# WHAT TO DO
Transcribe nothing except the lines below that run from the one with "عقد فاخر مطلي" to the one with "登壇:宮崎大学副学長 淡野公一氏× 宮崎市副市長・MOC顧問", ends included, and do not copy any picture.

# MATERIAL FOR THIS EXERCISE
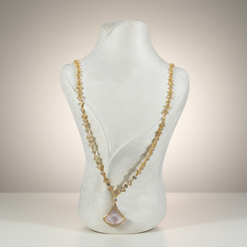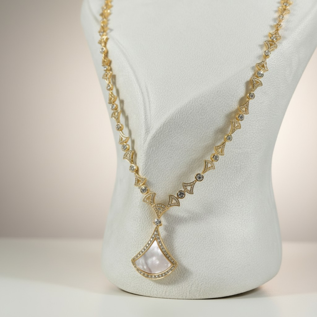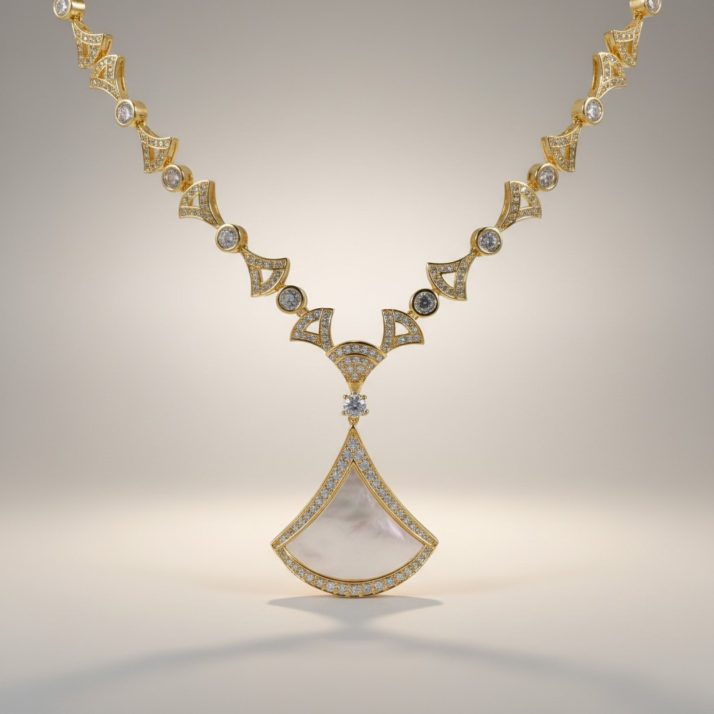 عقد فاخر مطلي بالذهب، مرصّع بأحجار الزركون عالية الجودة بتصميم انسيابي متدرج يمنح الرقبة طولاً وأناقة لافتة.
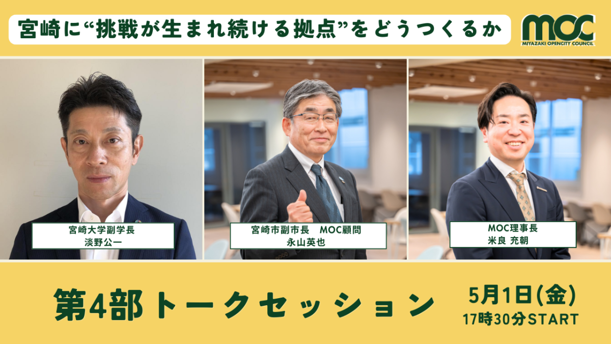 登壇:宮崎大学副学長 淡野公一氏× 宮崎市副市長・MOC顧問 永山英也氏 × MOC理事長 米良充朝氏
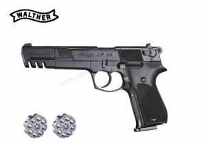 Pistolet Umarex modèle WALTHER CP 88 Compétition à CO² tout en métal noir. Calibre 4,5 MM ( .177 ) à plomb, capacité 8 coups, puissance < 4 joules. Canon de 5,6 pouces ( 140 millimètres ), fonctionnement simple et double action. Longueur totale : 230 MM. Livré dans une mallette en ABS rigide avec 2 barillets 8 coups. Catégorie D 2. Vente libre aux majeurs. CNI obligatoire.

==

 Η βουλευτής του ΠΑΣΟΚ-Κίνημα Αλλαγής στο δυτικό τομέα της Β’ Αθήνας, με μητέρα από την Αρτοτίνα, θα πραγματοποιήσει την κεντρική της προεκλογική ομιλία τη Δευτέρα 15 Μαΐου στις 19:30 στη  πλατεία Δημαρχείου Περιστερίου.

# ANSWER BELOW
 عقد فاخر مطلي بالذهب، مرصّع بأحجار الزركون عالية الجودة بتصميم انسيابي متدرج يمنح الرقبة طولاً وأناقة لافتة.
 登壇:宮崎大学副学長 淡野公一氏× 宮崎市副市長・MOC顧問 永山英也氏 × MOC理事長 米良充朝氏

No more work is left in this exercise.